◆ Listed records ◆
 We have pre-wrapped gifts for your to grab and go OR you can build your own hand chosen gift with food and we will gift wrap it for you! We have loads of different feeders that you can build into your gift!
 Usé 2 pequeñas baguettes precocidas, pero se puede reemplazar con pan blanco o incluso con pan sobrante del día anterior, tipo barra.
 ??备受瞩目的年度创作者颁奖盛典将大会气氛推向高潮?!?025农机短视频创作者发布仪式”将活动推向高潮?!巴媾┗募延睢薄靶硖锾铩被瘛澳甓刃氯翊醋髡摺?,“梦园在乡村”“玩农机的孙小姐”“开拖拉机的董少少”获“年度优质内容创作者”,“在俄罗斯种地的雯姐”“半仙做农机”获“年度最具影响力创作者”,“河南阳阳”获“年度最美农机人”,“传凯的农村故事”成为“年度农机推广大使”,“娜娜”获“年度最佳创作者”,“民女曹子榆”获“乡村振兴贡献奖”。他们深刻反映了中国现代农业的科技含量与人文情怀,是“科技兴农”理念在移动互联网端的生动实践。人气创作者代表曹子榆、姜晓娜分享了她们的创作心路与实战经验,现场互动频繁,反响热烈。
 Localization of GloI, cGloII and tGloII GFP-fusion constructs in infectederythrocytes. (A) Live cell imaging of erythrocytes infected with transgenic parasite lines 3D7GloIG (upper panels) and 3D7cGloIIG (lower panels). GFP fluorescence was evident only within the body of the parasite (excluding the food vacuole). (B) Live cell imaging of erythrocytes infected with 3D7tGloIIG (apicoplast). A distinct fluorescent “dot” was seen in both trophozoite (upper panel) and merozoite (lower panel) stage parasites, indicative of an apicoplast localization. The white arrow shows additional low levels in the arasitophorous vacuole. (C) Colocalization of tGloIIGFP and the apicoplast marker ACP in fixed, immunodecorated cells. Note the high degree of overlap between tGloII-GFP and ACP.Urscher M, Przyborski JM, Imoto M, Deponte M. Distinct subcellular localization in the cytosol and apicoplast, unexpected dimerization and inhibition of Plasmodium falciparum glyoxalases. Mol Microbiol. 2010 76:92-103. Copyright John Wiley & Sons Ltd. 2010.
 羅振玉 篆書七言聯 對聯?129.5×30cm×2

==

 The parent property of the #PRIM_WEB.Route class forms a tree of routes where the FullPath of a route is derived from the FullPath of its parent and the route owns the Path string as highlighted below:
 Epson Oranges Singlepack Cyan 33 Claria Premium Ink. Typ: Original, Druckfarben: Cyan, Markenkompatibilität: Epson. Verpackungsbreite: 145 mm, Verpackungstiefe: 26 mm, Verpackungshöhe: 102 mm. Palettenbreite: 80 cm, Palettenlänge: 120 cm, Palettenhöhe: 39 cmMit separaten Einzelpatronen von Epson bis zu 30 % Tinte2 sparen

◆ Task item ◆
Show every line of the data in which the word "food" appears.

◆ Result for this exercise ◆
 We have pre-wrapped gifts for your to grab and go OR you can build your own hand chosen gift with food and we will gift wrap it for you! We have loads of different feeders that you can build into your gift!
 Localization of GloI, cGloII and tGloII GFP-fusion constructs in infectederythrocytes. (A) Live cell imaging of erythrocytes infected with transgenic parasite lines 3D7GloIG (upper panels) and 3D7cGloIIG (lower panels). GFP fluorescence was evident only within the body of the parasite (excluding the food vacuole). (B) Live cell imaging of erythrocytes infected with 3D7tGloIIG (apicoplast). A distinct fluorescent “dot” was seen in both trophozoite (upper panel) and merozoite (lower panel) stage parasites, indicative of an apicoplast localization. The white arrow shows additional low levels in the arasitophorous vacuole. (C) Colocalization of tGloIIGFP and the apicoplast marker ACP in fixed, immunodecorated cells. Note the high degree of overlap between tGloII-GFP and ACP.Urscher M, Przyborski JM, Imoto M, Deponte M. Distinct subcellular localization in the cytosol and apicoplast, unexpected dimerization and inhibition of Plasmodium falciparum glyoxalases. Mol Microbiol. 2010 76:92-103. Copyright John Wiley & Sons Ltd. 2010.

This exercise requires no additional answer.